Irawady Bongkar Kasus di KY; Menguat, Penolakan terhadap Jaksa dan Polisi

Tersangka kasus penyuapan, Irawady Joenoes, mengaku tidak bersedia menjadi korban seorang diri. Ia berniat akan membongkar penyimpangan yang terjadi di tubuh Komisi Yudisial atau KY, di antaranya menyangkut uang sewa gedung KY dan kendaraan dinas.

Pernyataan itu dilontarkan Irawady ketika akan menjalani pemeriksaan di Gedung Komisi Pemberantasan Korupsi (KPK), Selasa (2/10). Irawady pekan lalu tertangkap tangan tengah menerima suap dari Direktur PT Persada Sembada Freddy Santoso senilai Rp 600 juta dan 30.000 dollar AS.

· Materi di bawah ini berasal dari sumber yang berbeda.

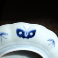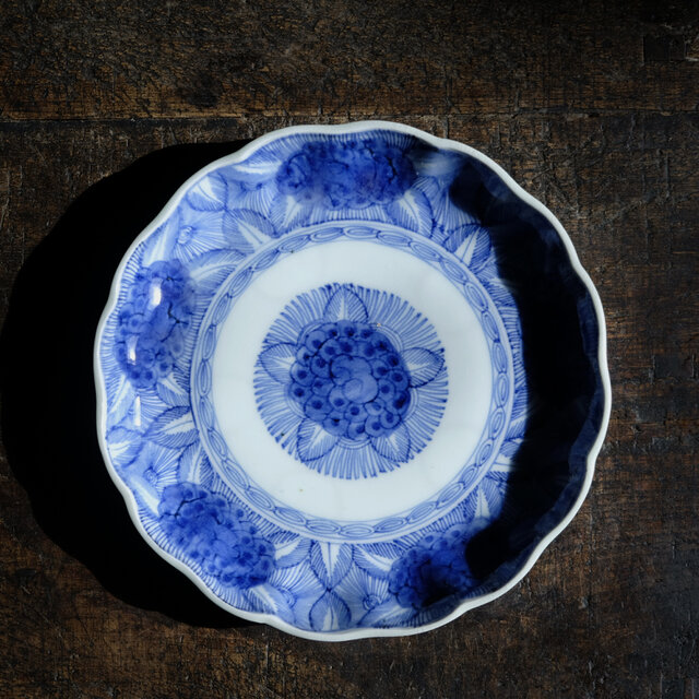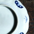 六つの紫陽花◆線描きで素敵。伊万里 紫陽花文染付線描き七寸中皿 骨董・antiques 蝶々 江戸末期 i2

Namun, pernyataan itu langsung dibantah Sekretaris Jenderal KY Muzayyin Mahbub yang mengatakan, semua penggunaan uang di KY sudah diaudit Badan Pemeriksa Keuangan serta Badan Pengawasan Keuangan dan Pembangunan (BPKP). Muzayyin juga membantah keras tudingan Irawady mengenai ketidakberesan dalam penyewaan gedung KY dan kendaraan dinas.

Transaksi tidak melalui KY. Pembayaran uang sewa gedung langsung dari Departemen Keuangan, dipindahbukukan dari slot KY ke PT Perusahaan Perdagangan Indonesia, ujar Muzayyin di kantornya.

Menurut Irawady, penyewaan kendaraan dinas dilakukan tanpa tender dan dengan harga yang berlebihan. Ia menduga ada keterlibatan dari pegawai kesekjenan dan unsur komisioner dalam kasus tersebut. Atas latar belakang kesemrawutan itulah Ketua KY mengeluarkan surat tugas, ujar Irawady.

Bantah memo
Irawady juga membantah adanya memo tentang permintaan kenaikan harga tanah. Menurut dia, bunyi memo tersebut telah diubah atau ada bagian yang ditambahkan. Menurut dia, memo yang dikirimkan oleh dia hanya menyatakan persetujuan tentang hasil rapat pleno penentuan lokasi tanah yang akan dibeli KY.

Berdasarkan penelusuran Kompas, Irawady tercatat tiga kali mengirimkan memo terkait pengadaan tanah untuk gedung baru KY. Memo pertama dikirimkan 23 Agustus 2007 yang menyebutkan Irawady menyerahkan kepada sekjen mengenai lokasi yang akan dipilih. Memo kedua dikirim 28 Agustus 2007 karena Irawady tidak mengikuti rapat pleno penentuan lokasi. Disebutkan, istrinya sedang sakit. Dalam memo ini, Irawady menuliskan tentang keinginannya agar harga lebih sedikit. Ia juga meminta agar KY cepat menangani proses pembelian tanah. KY harus cepat, nanti hangus KY keburu bubar, tulis Irawady.

Pascapenangkapan Irawady, berbagai kalangan menolak masuknya jaksa dan polisi ke komisi-komisi independen. Penolakan kali ini diungkapkan Koalisi Pemantau Peradilan (KPP).

KPP menyarankan agar Presiden Susilo Bambang Yudhoyono mencermati calon komisioner Komisi Pemberantasan Korupsi (KPK) dari unsur kepolisian dan kejaksaan. Selain UU Nomor 31 Tahun 2002 tentang KPK tidak mengamanatkan itu, mereka juga menilai unsur kepolisian dan kejaksaan belum terbebas dari kultur koruptif.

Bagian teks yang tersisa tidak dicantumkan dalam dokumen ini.